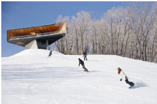
图4 松花湖雪道俯瞰图 25

万科对其客户群的深刻认识也延伸到其品牌选择和服务提供上。度假村的所有主要雪道均由宝马赞助，而宝马是中国中产阶级的标志性品牌。它还与北华大学和一家日本公司合作提供多种滑雪课程，该公司专门使用熊猫主题设备进行儿童滑雪训练。通过此类合作，万科希望能够吸引更多儿童参与滑雪运动，从而创造一个长期的客户群，同时也激励他们的父母更多地进行滑雪旅行。
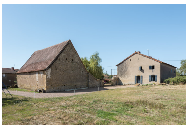
Vue d'ensemble de la ferme au nord IVR26_20197100246NUC4A
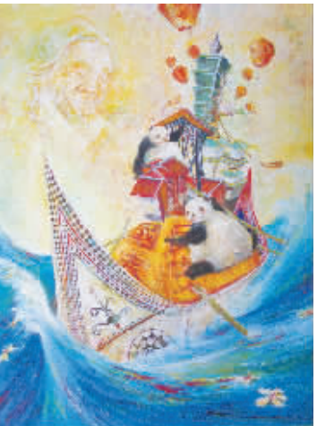
多元的台湾,多元的爱 台中第一高级中学 口路玉琴
---*---
■ Task directions
The whole listing is to be written out exactly; the pictures stay out of the copy.

■ Output of the exercise
图4 松花湖雪道俯瞰图 25

万科对其客户群的深刻认识也延伸到其品牌选择和服务提供上。度假村的所有主要雪道均由宝马赞助，而宝马是中国中产阶级的标志性品牌。它还与北华大学和一家日本公司合作提供多种滑雪课程，该公司专门使用熊猫主题设备进行儿童滑雪训练。通过此类合作，万科希望能够吸引更多儿童参与滑雪运动，从而创造一个长期的客户群，同时也激励他们的父母更多地进行滑雪旅行。
Vue d'ensemble de la ferme au nord IVR26_20197100246NUC4A
多元的台湾,多元的爱 台中第一高级中学 口路玉琴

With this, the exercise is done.